● Activity
Include in the reply only the lines from the start of the data below through the line containing "5月8日,观众在第二十七届中国北京国际科技产业博览会参观展出的动车组模型。", reproduced exactly and with no pictures.

● Provided data
↓

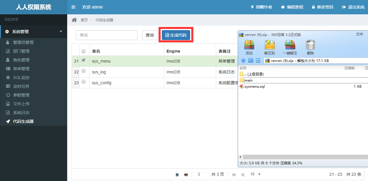 - 提供了代码生成器,只需编写30%左右代码,其余的代码交给系统自动生成,可快速完成开发任务
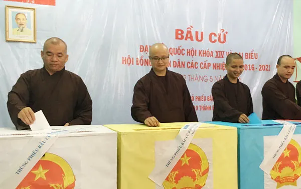 Thầy Thích Nhật Thiện, Trưởng Ban Trị sự GHPGVN Quận 10 ( bìa trái) và chư tăng chùa Giác Ngộ bỏ phiếu bầu cử. Ảnh: Quý Ngọc
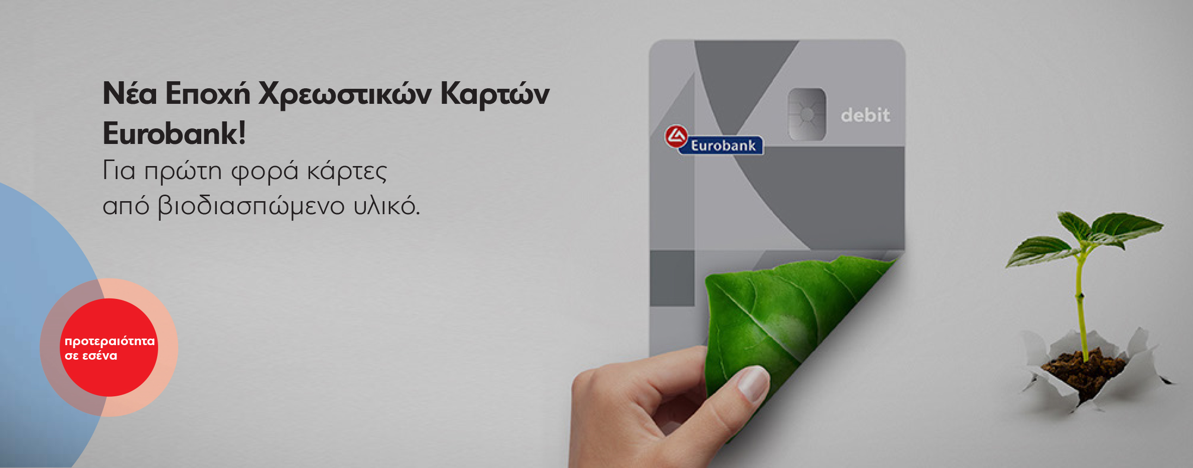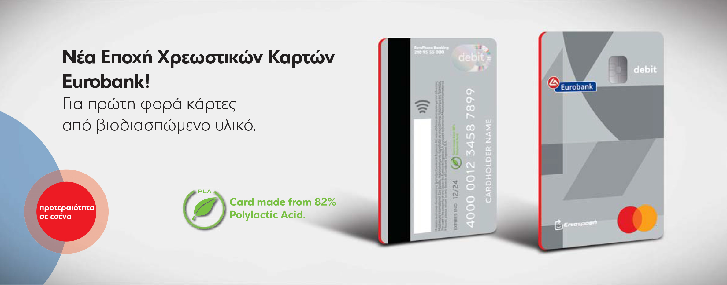 Oλες οι νέες χρεωστικές κάρτες Eurobank για ιδιώτες και επιχειρήσεις, αλλά και όσες χρεωστικές ανανεώνονται ή επανεκδίδονται, κατασκευάζονται από βιοδιασπώμενο υλικό, για την παραγωγή του οποίου απαιτείται μικρότερη κατανάλωση ενέργειας και παράγονται σημαντικά χαμηλότερες εκπομπές θερμοκηπίου.
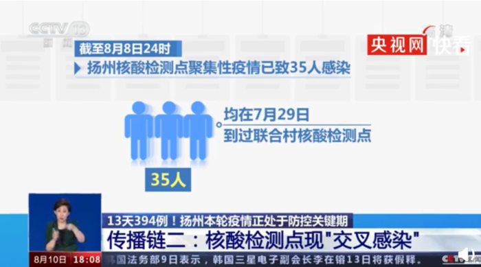 据扬州官方公布的病例轨迹显示,截至8月8日24时,扬州广陵区湾头镇联合村核酸检测点聚集性疫情已致35人感染,35人均在7月29日晚到过联合村核酸检测点,或采样,或工作。此外,这35例感染者中有34人是扬州通报的38号确诊病例的密接,还有1人是267号确诊病例的密接,267号病例也在7月29日晚上去过湾头镇联合村核酸检测点,也是38号确诊病例的密接,这也表明,该核酸检测点已出现三代传播。
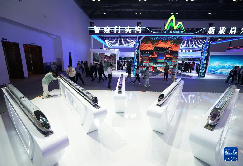 5月8日,观众在第二十七届中国北京国际科技产业博览会参观展出的动车组模型。
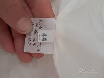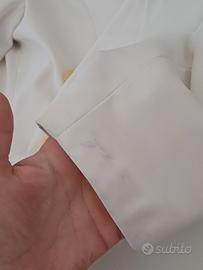 Abito/ Completo donna bianco composto da 3 pezzi in ottime condizioni solo il blazer presenta vicino ai polsini delle macchie scure ma se a qualcuno interessa si potrebbe piturare e cambiare anche il colore completamente per maggiori informazioni scrivetemi BLAZER larghezza spalle 40cm lunghezza totale 70cm larghezza da ascella ad ascella e di 50cm GILET larghezza spalle 34cm lunghezza totale 67cm larghezza da ascella ad ascella e di 48cm PANTALONI larghezza vita 35cm larghezza fianchi 48cm altezza dal cavallo alla vita 30cm lunghezza totale 100cm

↑

● The answer
 - 提供了代码生成器,只需编写30%左右代码,其余的代码交给系统自动生成,可快速完成开发任务
 Thầy Thích Nhật Thiện, Trưởng Ban Trị sự GHPGVN Quận 10 ( bìa trái) và chư tăng chùa Giác Ngộ bỏ phiếu bầu cử. Ảnh: Quý Ngọc
 Oλες οι νέες χρεωστικές κάρτες Eurobank για ιδιώτες και επιχειρήσεις, αλλά και όσες χρεωστικές ανανεώνονται ή επανεκδίδονται, κατασκευάζονται από βιοδιασπώμενο υλικό, για την παραγωγή του οποίου απαιτείται μικρότερη κατανάλωση ενέργειας και παράγονται σημαντικά χαμηλότερες εκπομπές θερμοκηπίου.
 据扬州官方公布的病例轨迹显示,截至8月8日24时,扬州广陵区湾头镇联合村核酸检测点聚集性疫情已致35人感染,35人均在7月29日晚到过联合村核酸检测点,或采样,或工作。此外,这35例感染者中有34人是扬州通报的38号确诊病例的密接,还有1人是267号确诊病例的密接,267号病例也在7月29日晚上去过湾头镇联合村核酸检测点,也是38号确诊病例的密接,这也表明,该核酸检测点已出现三代传播。
 5月8日,观众在第二十七届中国北京国际科技产业博览会参观展出的动车组模型。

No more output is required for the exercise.